Three of those selected for this summer's program were Rachel Hudgens from Texas, a junior at Harding University, College Station, Arkansas; Tyler Alexander from Richmond, Vt., a junior at UVA; and Jamie Alutis from Eagle River, Alaska, attending Charleston Southern University, Charleston, S.C.

"I came to this area last summer on a trip and ended up spending one entire day at Mount Vernon. When I saw someone in costume I just questioned them endlessly about how they got their job and what they did," Hudgens said.

"I'm a history major with an emphasis on costume interpreting. Last summer I worked on another farm and had a lot of different experiences, like cleaning out the chicken coops," she said.

"But, Mount Vernon's 'Hands On History' is a terrific program. You are able to actually learn a lot of interesting colonial skills such as basket weaving and how to cut wheat by hand," Hudgens said.

WHEN ASKED about the strangest questions she's gotten while working in costume, she said, "While I was cutting wheat by hand one day a tourist was watching. He then asked if I was actually cutting it," she said. Interns work the wheat fields with reap hooks and scythes.

Alexander said, "My first passion was forestry. Then I changed to a history major. I'm hoping this experience might show me a way to combine the two."

As for his greatest legacy from this experience, "I believe it will be learning the art of communicating with a great variety of people. I have also found Virginians very welcoming. Much more so than when my ancestors were here in the 1860s," Alexander said.

Alutis admitted, "We don't have a lot of farming in Alaska.
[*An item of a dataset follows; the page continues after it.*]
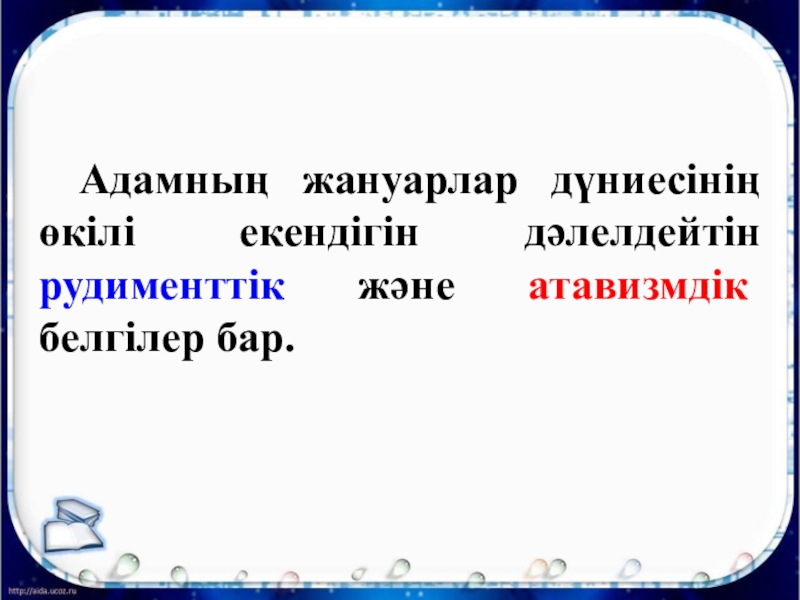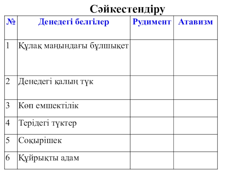 Слайд 13 Адамның жануарлар дүниесінің өкілі екендігін дәлелдейтін рудименттік және атавизмдік белгілер бар.

At least not the area I come from which is right outside Anchorage."

She is also a history major and looked upon her summer at Mount Vernon as an experience in "living history."

WASHINGTON BUILT Mount Vernon Estate into an 8,000 acre plantation over his lifetime by purchasing several adjoining farms. He organized it into five distinct units. In addition to the Mansion House Farm, there were four working farms, River, Muddy Hole, Dogue and Union. According to the Estate's history, "Each working farm had its own overseer and work force ...."

Interns work a full day at the Estate's farm doing and learning all the various chores it took to make the farm operate in the days of George and Martha Washington. They are housed in the guest quarters of the Mount Vernon Ladies Association headquarters on the Estate.

Each will go through an exit interview prior to departure, according to Fox.